Из кабинета в этот момент выскочил Керя.
– На снимок послали, – пояснил он. – Вот как у людей все это делается, а то трусы сняла и в рот полезла. Только бы сверлили не больно.
– Больно не будет, я за укол заплачу, – успокоил его Леонид. – За все заплачу, пусть пломбу самую хорошую поставят. Пусть не торопятся. Мы ждем, не переживай.
Проводив взглядом убежавшего в рентгенкабинет Керю, Леонид принялся рассказывать мне о Бландине то самое «кое-что».

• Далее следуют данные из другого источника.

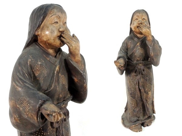 時代物/無銘/「乙御前/お多福」/彩色木彫立像/高:42cm/木造/木像/お福/おかめ/彫刻/置物/オブジェ/作家物/骨董/古美術/美術品

– Понимаешь, – начал он, – Бландина – это вавилонская блудница, которая превосходит всех падших женщин в разврате и похоти. Скольких состоятельных мужей она разорила, пустила по миру, скольким карьеру сломала – испортила. Сколько талантливой молодежи, с чистыми помыслами, готовых на великие подвиги, сбила с пути истинного. Все у них прахом пошло. Пожирала свои жертвы со страстью, губила с наслаждением. И с колдовством она знакома, заклинаний много знает. Хотя, казалось бы, и женских чар одних достаточно, чтобы любого смертного в сети свои заманить. Заманить и погубить.
– Тебя же не погубила?
– Наверное, потому что я не любой, – отшутился он. – Да и потом, кто знает. Может быть, после знакомства с ней, я безнадежно потерян для здоровой, нравственной, семейной жизни. В конце концов, для любви. Бландине нормальные, человеческие взаимоотношения скучны. Ей нужны сильные ощущения, высокие или низкие, все одно. Как, собственно, и актерам и режиссерам. Но мы все это реализуем на сцене, а она этими страстями живет. Все просила «поиграй со мной», ну я и играл.
– Во что? – не понял я.
– Есть игры такие. Любовники придумывают для себя маски, чтобы не смущаться ничем. Я, к примеру, был фараоном, а она моей рабыней, наложницей. Интересно проводили время. Муж ее, конечно, ничего похожего дать ей не мог.
Из рентгенкабинета вышел Керя, проследовал к лечащему врачу, но долго у него не задержался.
– Чего так скоро? Залечили? – поинтересовался Леонид, после того, как Халуганов закрыл за собой дверь.